Goal of the exercise - Please reproduce the listing verbatim, without its images.

Recorded information -
+===+
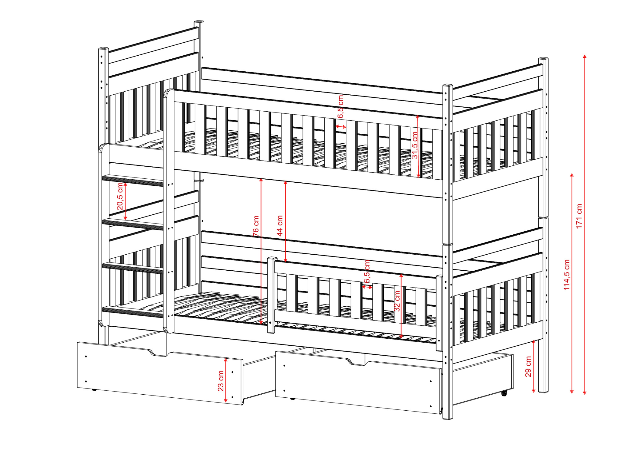 Das Etagenbett MONIKA ist eine ausgezeichnete Lösung nicht nur für kleine Räume, sondern auch für jedes Kinderzimmer, in dem Geschwister leben. Warum? Ein solches Bett regt die Fantasie an und fördert die Kreativität. Betrachten Sie auch die praktische Seite des Etagenbetts für Geschwister MONIKA. Sie können beide Teile getrennt aufstellen und so zwei voneinander unabhängige Schlafbereiche schaffen. Wenn Sie unser Etagenbett MONIKA bestellen, geben wir Ihnen viel Freiheit. Sie können das Möbelstück personalisieren und es an die Bedürfnisse Ihrer Kinder anpassen. Sie entscheiden, ob der Raum unter dem Bett mit zwei Schubladen ausgestattet sein soll. Bei der Bestellung treffen Sie auch die Entscheidung, ob die Geländer am Etagenbett MONIKA fest montiert oder abnehmbar sein sollen.
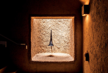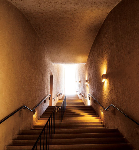 登り窯內部を彷彿させる大階段。荘厳な光に包まれる
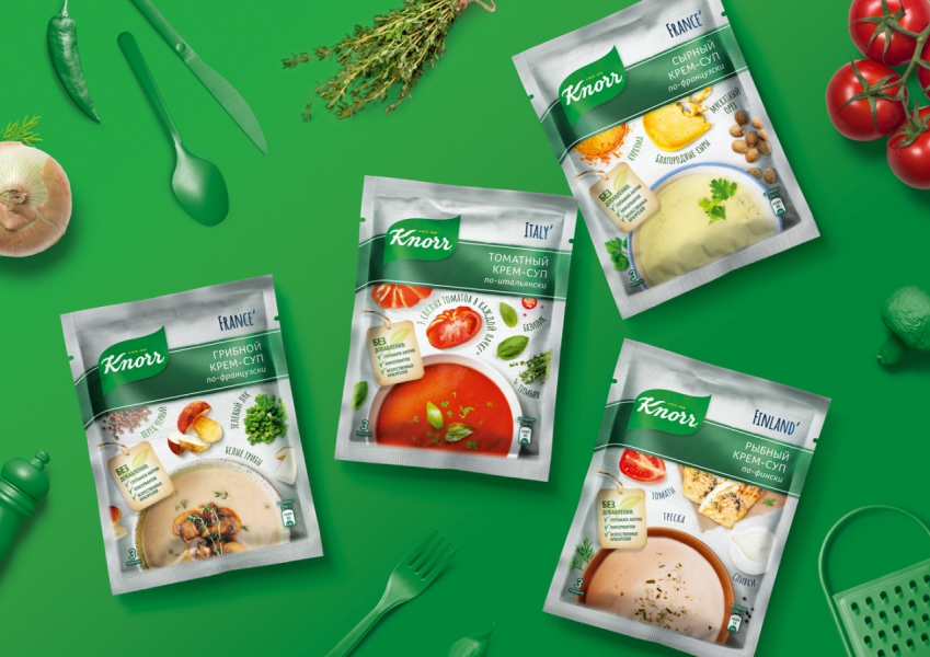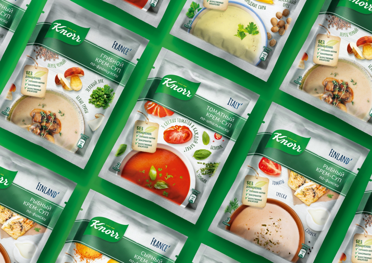 В апреле бренд Knorr вывел на российский рынок абсолютно новую и непривычную для себя продуктовую линейку крем-супов. Разработку дизайна упаковки доверили креативной команде
+===+
Task response -
 Das Etagenbett MONIKA ist eine ausgezeichnete Lösung nicht nur für kleine Räume, sondern auch für jedes Kinderzimmer, in dem Geschwister leben. Warum? Ein solches Bett regt die Fantasie an und fördert die Kreativität. Betrachten Sie auch die praktische Seite des Etagenbetts für Geschwister MONIKA. Sie können beide Teile getrennt aufstellen und so zwei voneinander unabhängige Schlafbereiche schaffen. Wenn Sie unser Etagenbett MONIKA bestellen, geben wir Ihnen viel Freiheit. Sie können das Möbelstück personalisieren und es an die Bedürfnisse Ihrer Kinder anpassen. Sie entscheiden, ob der Raum unter dem Bett mit zwei Schubladen ausgestattet sein soll. Bei der Bestellung treffen Sie auch die Entscheidung, ob die Geländer am Etagenbett MONIKA fest montiert oder abnehmbar sein sollen.
 登り窯內部を彷彿させる大階段。荘厳な光に包まれる
 В апреле бренд Knorr вывел на российский рынок абсолютно новую и непривычную для себя продуктовую линейку крем-супов. Разработку дизайна упаковки доверили креативной команде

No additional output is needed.